Skip to content
mokolabs edited this page May 17, 2011 · 5 revisions

How to convert legacy text from Latin1 to UTF8 in MYSQL

Here's a rake task which will connect to your legacy database and convert all your data into UTF8.

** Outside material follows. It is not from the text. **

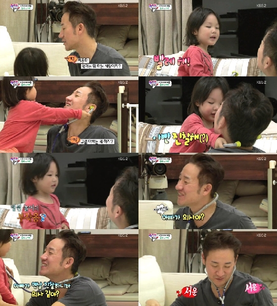 이에 엄지온은 "발레해"라고 답했다. 이후 엄태웅은 다시 "아빠는 뭐해?"라는 질문에는 "진찰해"라고 말했다. 평소 아빠와 병원 놀이를 해서 아빠가 의사라고 생각하는 듯 했다.

desc 'Convert the legacy db to UTF8 before the import'
  task :convert_to_utf8 => :environment do
    LegacyBase.connection.tables.each do |table|
      LegacyBase.connection.execute("ALTER TABLE #{table} CONVERT TO CHARACTER SET utf8;")
    end
  end
end

To check the encoding of your table, you can use this MYSQL query:

SELECT TABLE_SCHEMA, TABLE_NAME, CCSA.CHARACTER_SET_NAME AS DEFAULT_CHAR_SET,
COLUMN_NAME, COLUMN_TYPE, C.CHARACTER_SET_NAME FROM information_schema.TABLES
AS T JOIN information_schema.COLUMNS AS C USING (TABLE_SCHEMA, TABLE_NAME) JOIN
information_schema.COLLATION_CHARACTER_SET_APPLICABILITY AS CCSA ON
(T.TABLE_COLLATION = CCSA.COLLATION_NAME) WHERE TABLE_SCHEMA=SCHEMA() AND
C.DATA_TYPE IN ('enum', 'varchar', 'char', 'text', 'mediumtext', 'longtext')
ORDER BY TABLE_SCHEMA, TABLE_NAME, COLUMN_NAME;